Nrama: Stephen, this is a very humorous superhero title, how did you balance humor with action?
Stephen Byrne: I think most of the humor comes from Mark’s writing. I was mostly trying to match the tone of what was on the page, and I just try to embellish it where possible and appropriate.
Nrama: How much fun was it drawing Gleek? He has a pretty big scene in your finale.
Byrne: I like Gleek a lot but he’s probably one of the more difficult things to get right. I’m used to drawing superheroes and humans, but monkeys are new to me. I used reference pictures to try and get the basic feel of his poses correct, but then tried to add more human body language and facial expressions to him so he could emote more than your average monkey. [Laughs]
Nrama: When the title was expanded from 6 to 12 issues, how did that change your plan for the series?
Russell: It allowed me to tell some of the stories I wasn't able to fit into the first six issues. The reason why the Wonder Twins had to leave Exxor, which is hinted at in #1 but never explained, so it was nice to be able to revisit that, as well as to give the story of the Math family some resolution. But beyond that, it allowed me to sort of relax and take my time in building and telling a longer form story about toxic nostalgia and the importance of remaining open to change.
Nrama: What was the mission statement you wanted to come across with your run?
Russell: Personally, I envisioned Wonder Twins as being part dystopian fiction, part after school special. Specifically, an after school special dealing with subjects that they would never have talked about in a million years, but should have. I'm not sure how many comics about the prison-industrial complex and the perils of late stage capitalism are directed at teens, but I can't imagine there are too many.
Nrama: Is there a moment from this week's finale you are most proud of?
Byrne: I like the final page. I think it’s sweet and optimistic in a book that has dealt with some of the darker sides of humanity.

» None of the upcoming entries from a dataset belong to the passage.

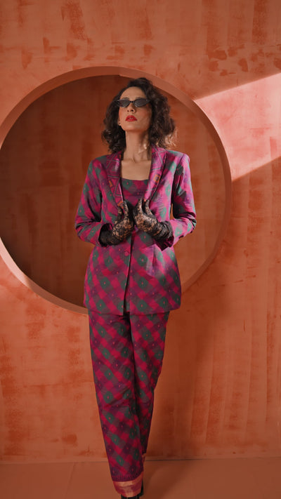 Designer Printed 3 piece Coat and Trouser Co-Ord Set
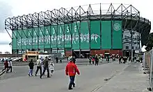 In summer 2015, the exterior of the stadium was adorned with a display of printed banners which will remain permanently.[58] Fifteen green-coloured sections at either end of the stadium – each 21 metres high – form a display which reads 'Paradise' and depicts images of noted players from throughout the club's history (58 players in total, with a different set shown on each stand). Photographic banners of significant events and trophy wins are displayed on further panels at the corners between the main stand and the end stands. The project was controlled by the Frame agency with design input from Coatbridge-based artist Jim Scullion.[59][58]
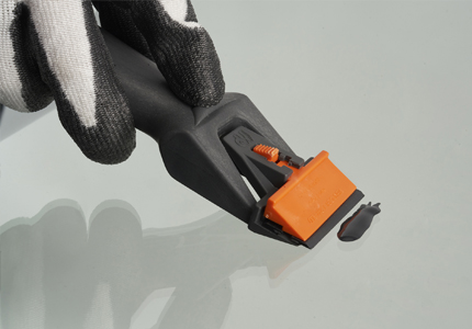A : Easy blade change by pressure. B : Can be hung from the Zicou. C : Slider to activate blade protection at rest.
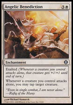 | Card Text | Exalted (Whenever a creature you control attacks alone, that creature gets +1/+1 until end of turn.) Whenever a creature you control attacks alone, you may tap target creature. |
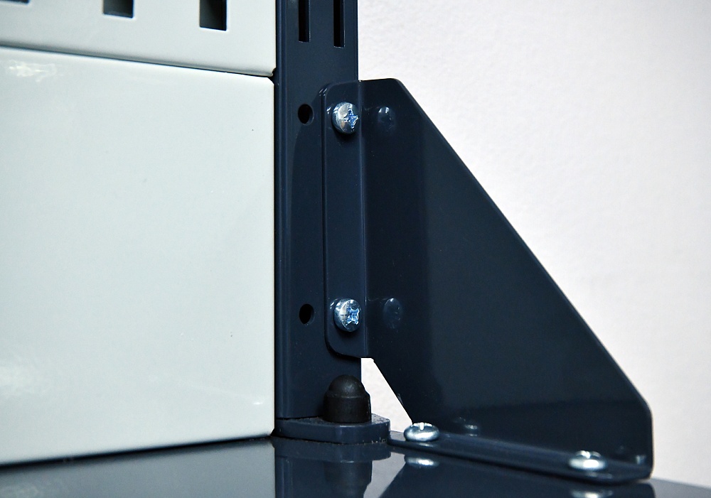 Цвет и текстура покрытия рамы верстака, накладки столешницы, корпусов модулей RAL 7024, гладкая, глянцевая. Цвет и текстура покрытия лицевых панелей ящиков и боковых перфопанелей RAL 7047, гладкая, глянцевая. Цвет и текстура покрытия накладок ручек ящиков RAL 9006, гладкая, глянцевая.
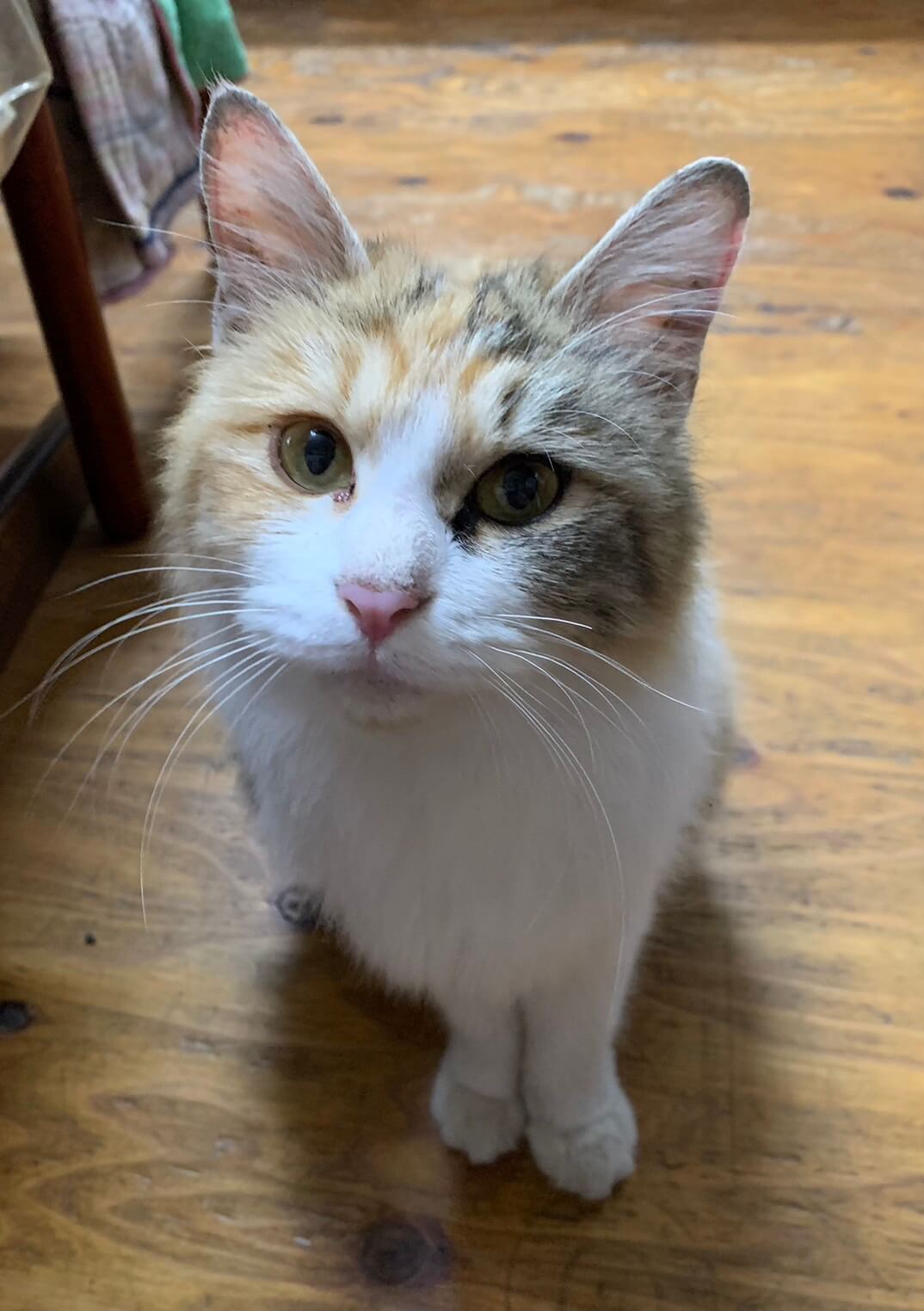 三毛猫お母さんはとても人懐っこく抱っこも出来、膝の上でリラックスする程警戒心はありません。
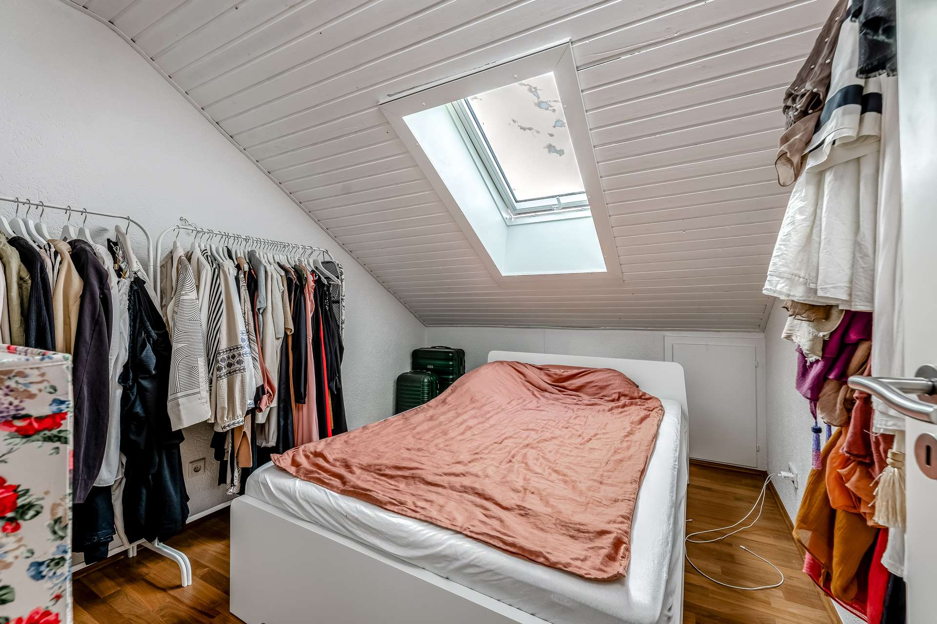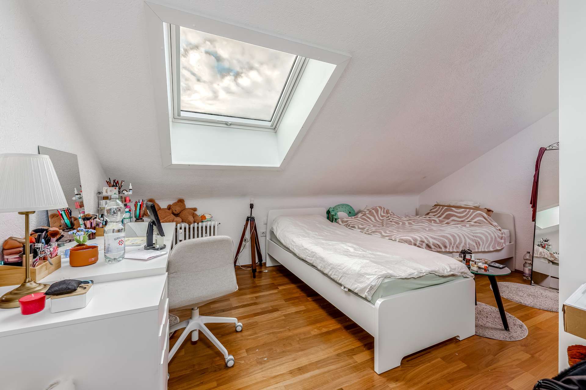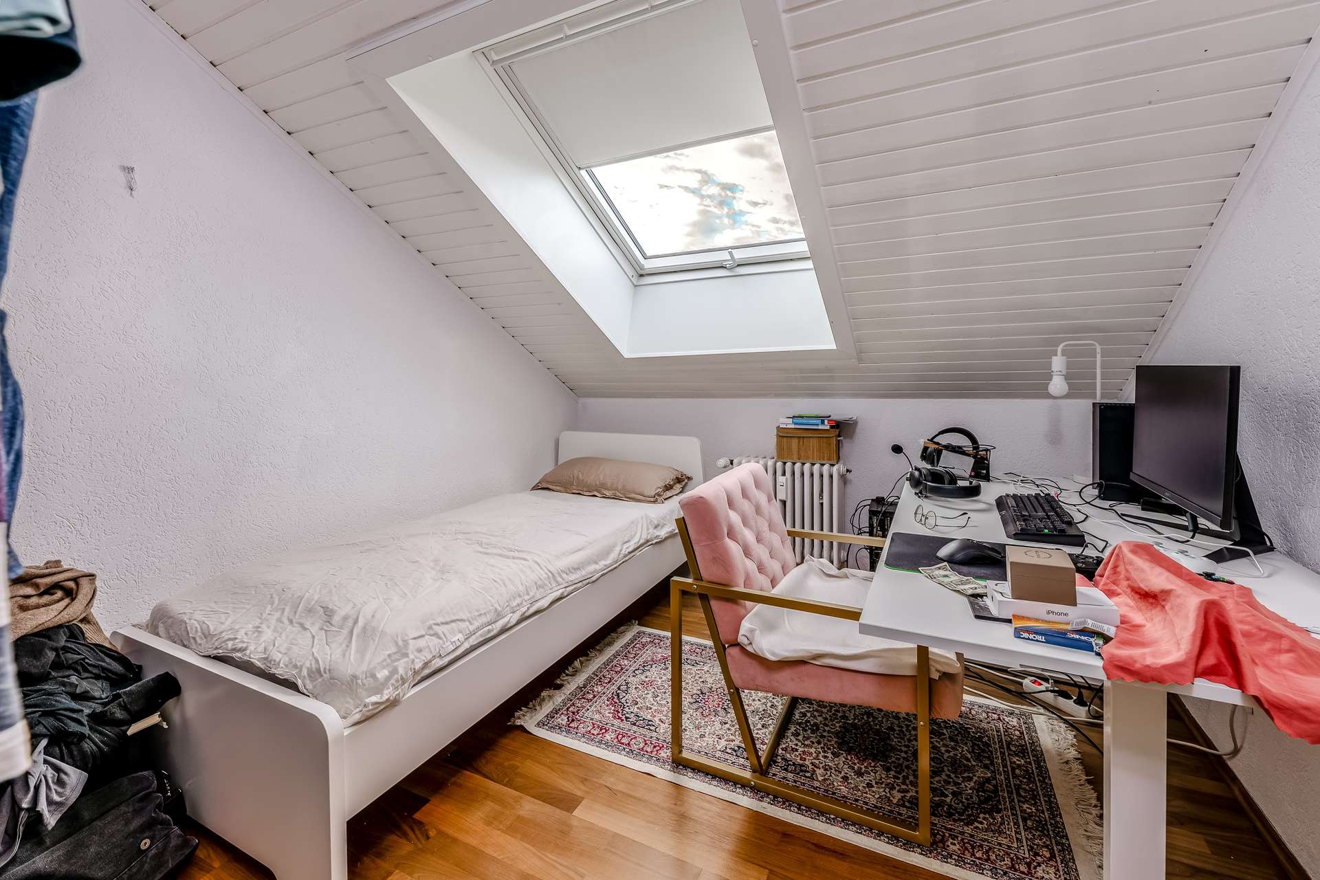 Insgesamt stehen vier geräumige Zimmer, eine separate Küche sowie ein Badezimmer zur Verfügung. Die hohen Decken mit sichtbaren Dachschrägen und großen Fenstern schaffen eine freundliche, offene Atmosphäre und lassen viel Tageslicht in alle Räume.
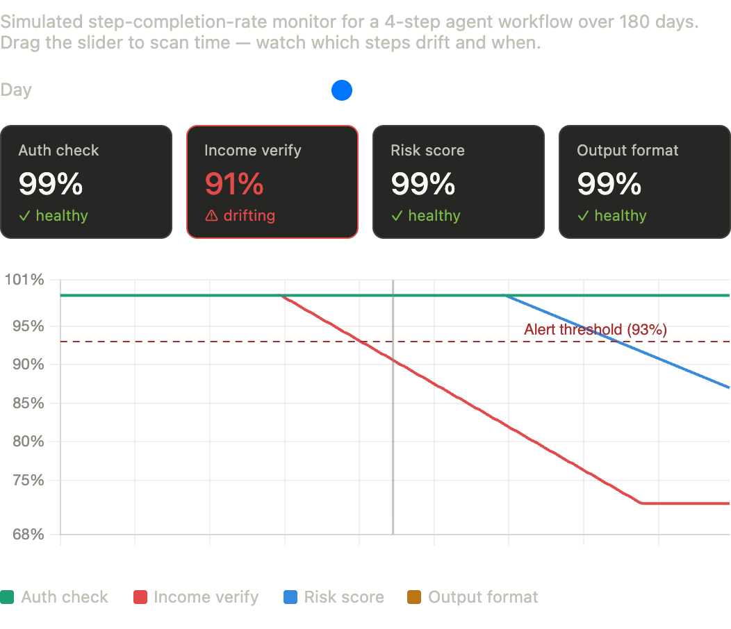 A CIO report from early 2026 describes a credit adjudication agent that illustrated this perfectly. During pilot review, the agent consistently ran income verification before producing a credit recommendation. In production, over months, that verification step started running less consistently — not failing with errors, just getting skipped in edge cases. Output quality looked fine in spot checks. The behavioral drift had been accumulating for months before anyone noticed it in decision quality metrics. With embedding-space monitoring on the agent’s reasoning traces, it would have been visible much earlier.
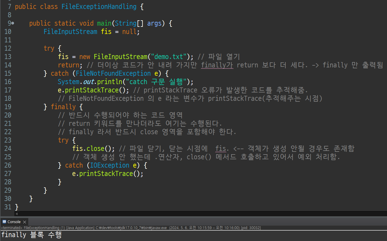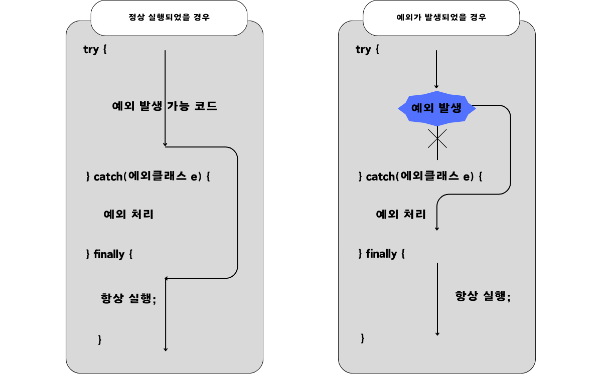 finally 블록: try 블록의 실행 여부와 관계 없이 항상 실행되어야 하는 코드(예: 자원 해제 로직)를 포함한다. finally 블록은 모든 catch 블록 다음에 자원을 닫아주어야 할때 온다. try 블록과 catch 블록에서 return 문(메서드 종료)을 사용하더라도 finally 블록은 항상 실행된다.
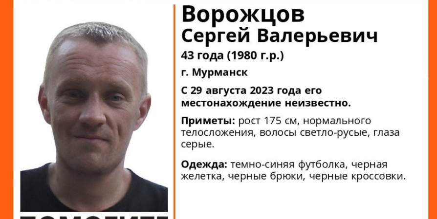 С конца августа ищут пропавшего мурманчанина Сергея Ворожцова 43 лет. Как рассказали волонтеры отряда «ЛизаАлерт» Мурманской области, с 29 числа его местонахождение не известно.
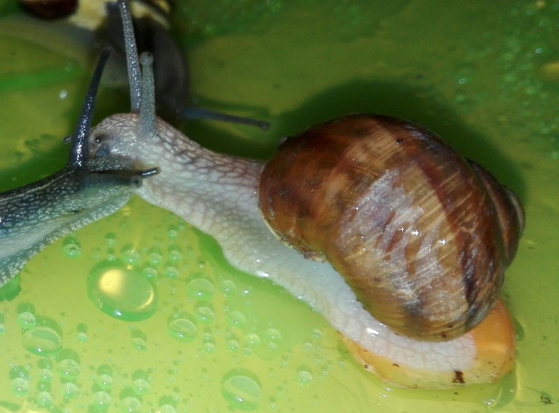 Mein Grosser der ja sehr verliebt ist in unsere Schneckis wollte ihn verarzten. Wir nahmen ihn mit.
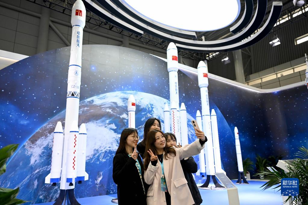 4月24日,觀眾在2023年“中國航天日”科普展覽上合影留念。
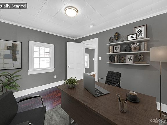Welcome home to this adorable home on a quiet dead end street within walking distance to downtown Maiden. Updated 5" LVP dark wood finished flooring throughout. Freshly painted throughout. Brand new stainless steel refrigerator and electric range in cozy kitchen. Upon entering this home you'll find a large living room with an addition off to the right, could be a 2nd bedroom/office. Large laundry/mud room is off the backdoor with access to the gravel driveway. Ceiling heights vary throughout with lowest in the bathroom. Overall home square footage is 882, but 180 sq ft is comprised of the mudroom and bathroom with ceiling heights less than 7 feet.
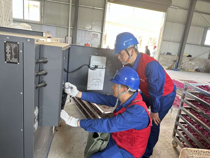 職工幫助鄉(xiāng)村企業(yè)檢查用電設(shè)備
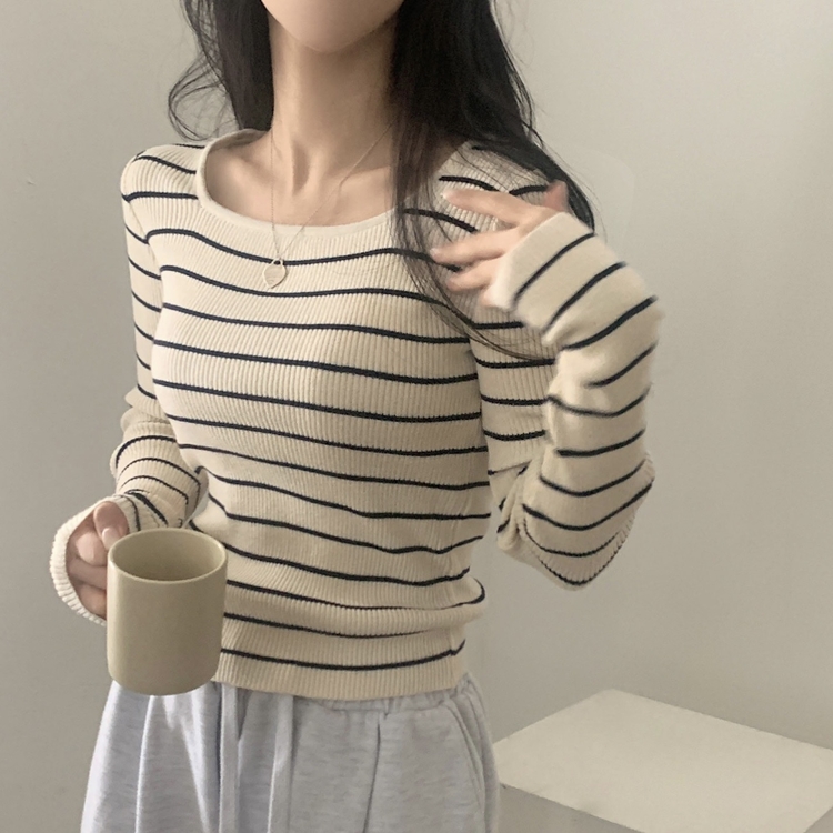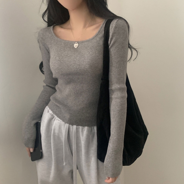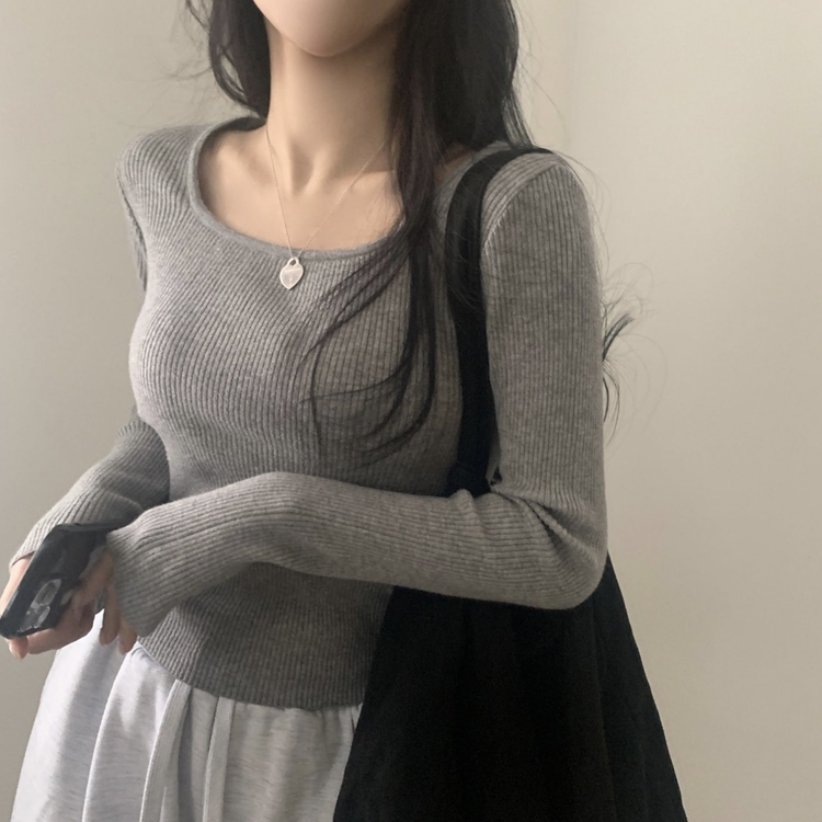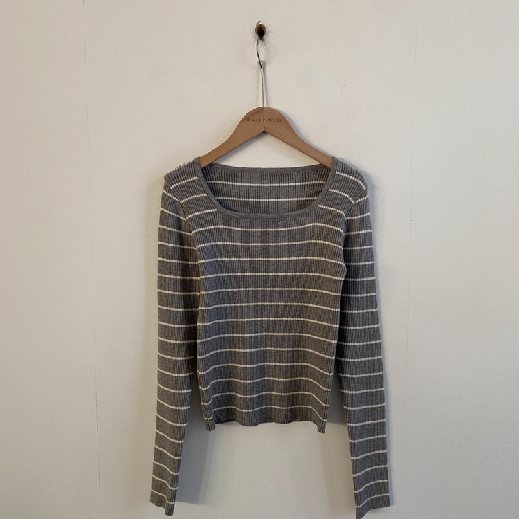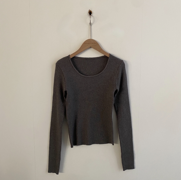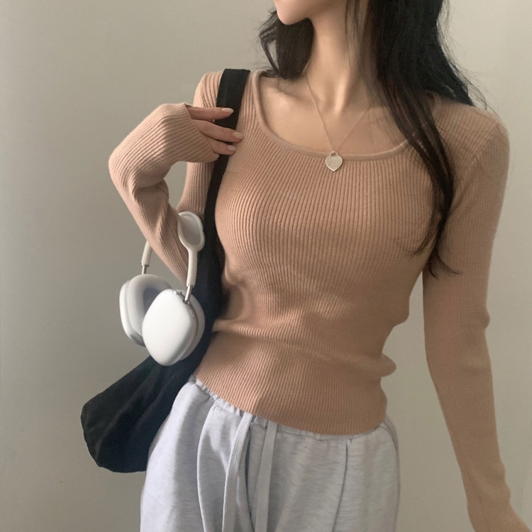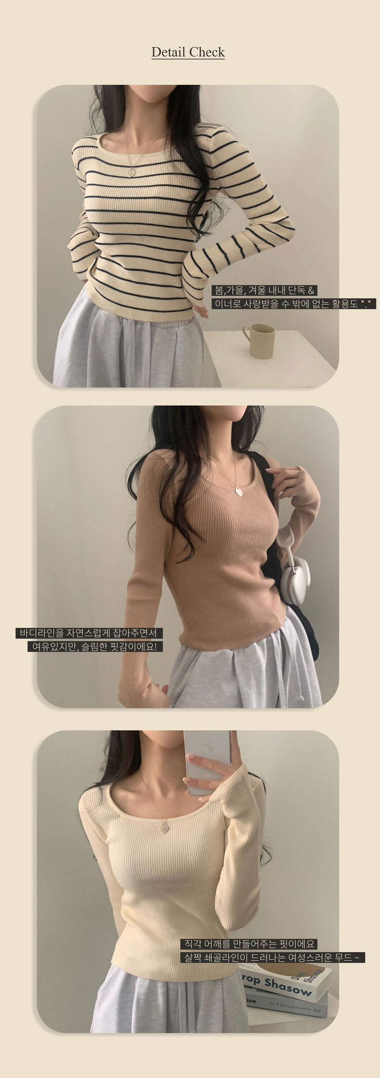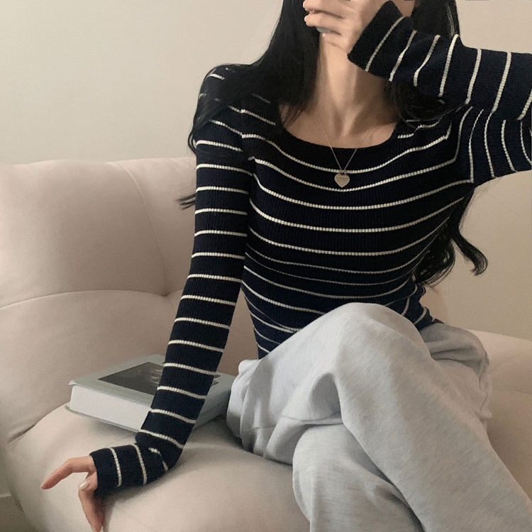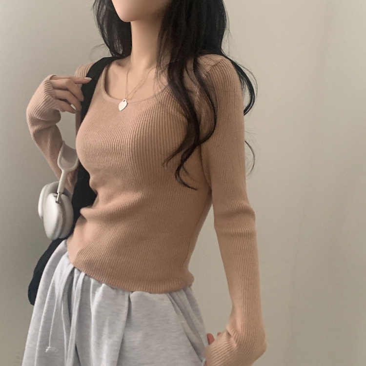 SNT22093 단가라무지 스퀘어넥 골지 슬림 긴팔니트 9color

Russell: I'm just happy that we were able to land it in a place that works out well as a goodbye for the characters. My hope for the last issue is that it not only works as a story, but reminds people of why they care about the characters they've spent twelve issues getting to know.
Nrama: What inspiration did you take from Super Friends cartoon for this title?
Byrne: Well the costumes were based off those original Super Friends designs. We tried some looks that were more modern or ‘cool’. But our favorite look was the purple jumpsuit outfit, with some minor updates.
Nrama: What do you enjoy the most about the Wonder Twins dynamic?
Byrne: Their odd couple vibes. They really are polar opposites, but that doesn’t stop them from caring about each other.
Nrama: Is there another character you’d like to work on from Brian Michael Bendis' Wonder Comicc corner of DC?
Byrne: Any of them. The Wonder Comics line are very much the sort of comics that I like to read.
Nrama: Would you like to work more with the Wonder Twins?
Byrne: I do feel a sense of attachment to them, and I would like to work on them again, but I also hope they go on to appear in the rest of the DC universe more often, and would be just as excited to see someone else interpret them.